What could be causing this seizure?


----------



## ptmike (Sep 18, 2009)

make sure rod cap is not reversed !mike


----------



## Bryanser (May 29, 2009)

I called a Honda dealer and was told that the oil flipper should point downward.


----------



## LowRider (Dec 23, 2008)

Bryanser said:


> I called a Honda dealer and was told that the oil flipper should point downward.


you would be correct. you have the connecting rod the right way right, i mean it can only go one way if the flipper is going to go on right. so where is it binding at? i would start there and work your way backwards.

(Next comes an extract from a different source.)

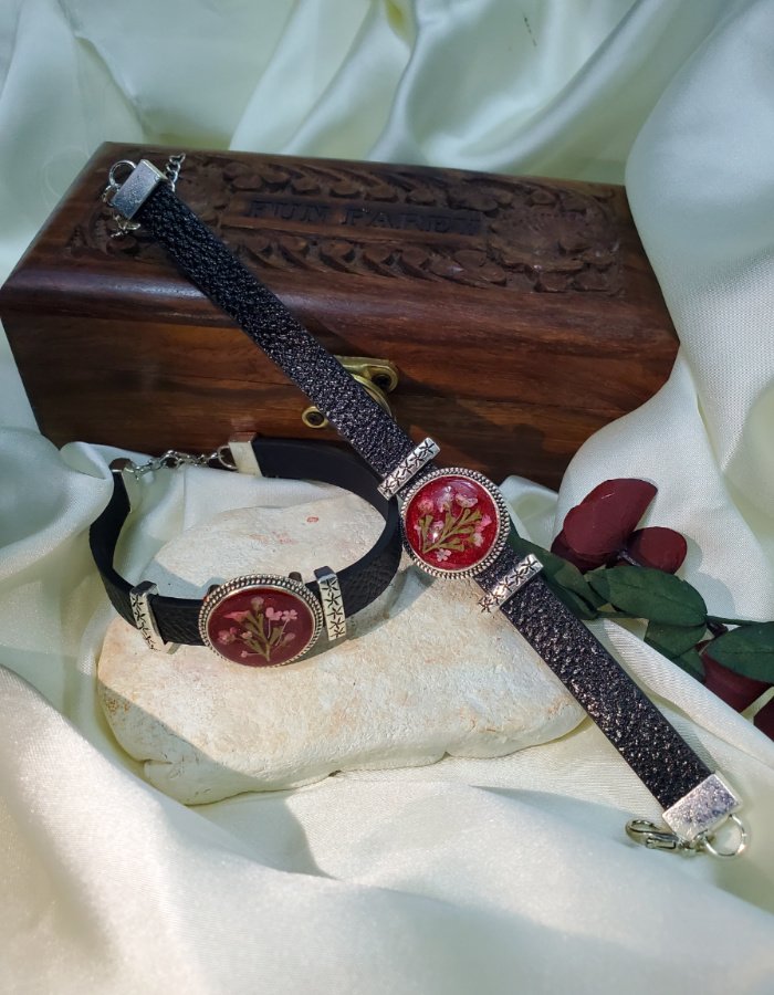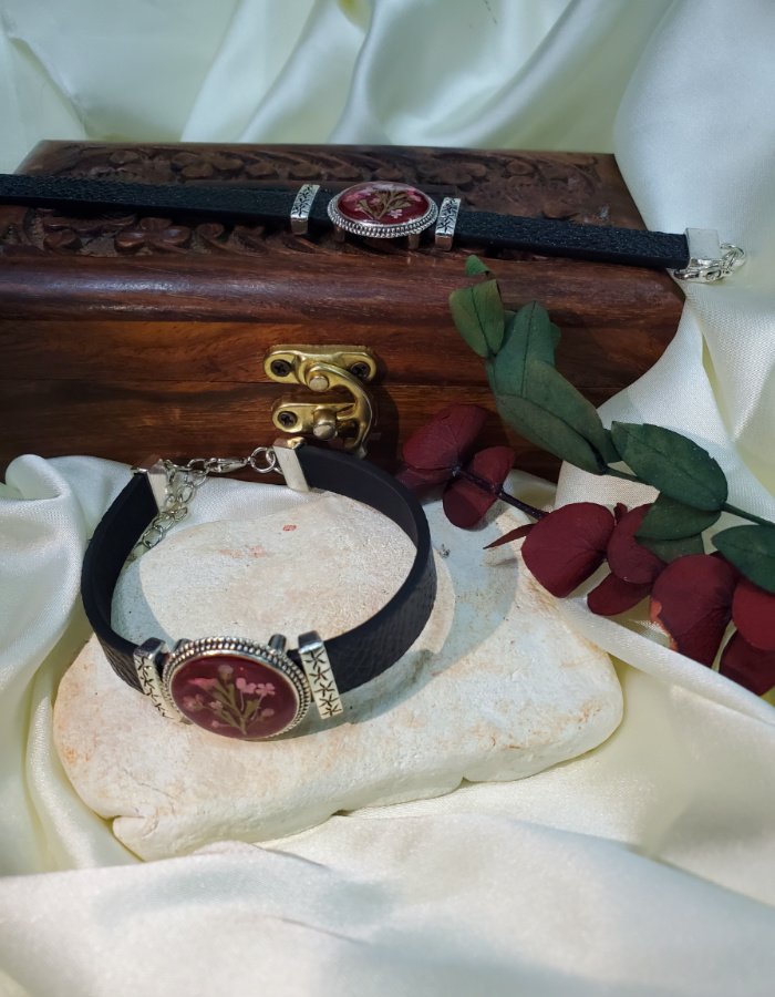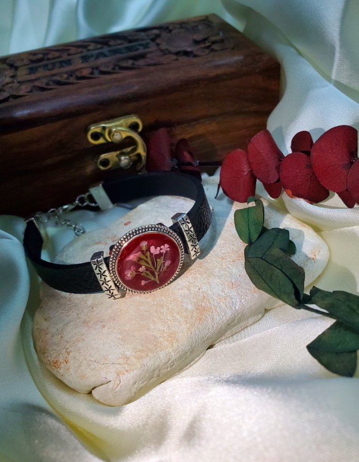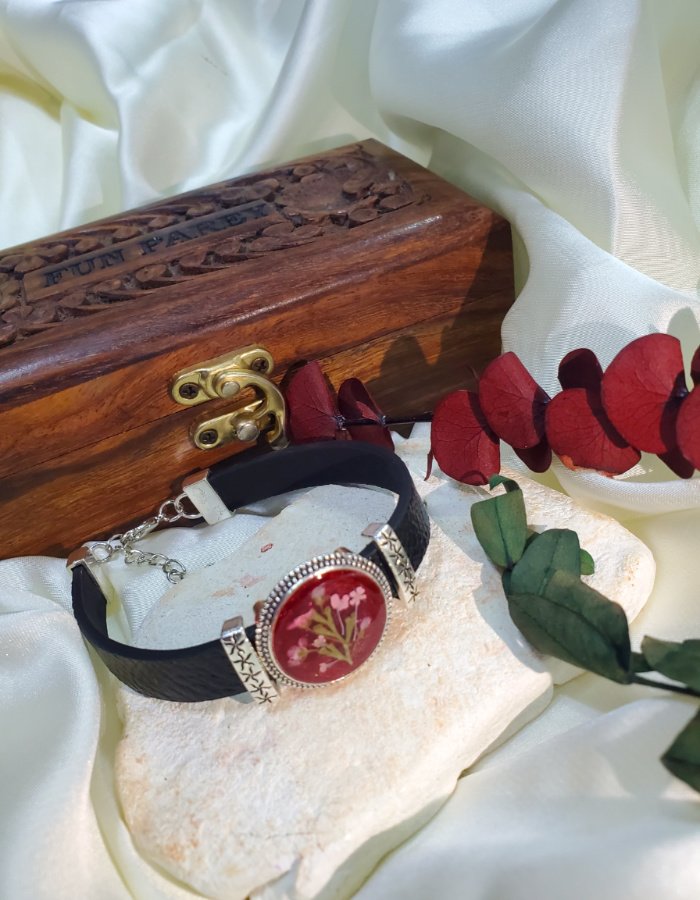 Crimson Bloom Leather Strap Bracelet

also what do you mean tightening them down before torquing? if you get them to tight its possible there could be some binding. that's why you finger tight, then torque with a torque wrench. sounds like your over tightening. i would loosen the bolts a 1/4 turn if that and see if it binds still. if not there over tight.


----------



## Bryanser (May 29, 2009)

Rather than run the bolts in with my fingers I turn them in with a 10 wrench until snug and then finished with a torque wrench.


----------



## rotti1968 (Apr 26, 2009)

what torque are you going to ? remember that most of the specs in the manual are metric , your torque on those bolts should only be 9 ft lbs.


----------



## Bryanser (May 29, 2009)

Thanks guys! I'm going to try and run today for the first time since reassembling it.


----------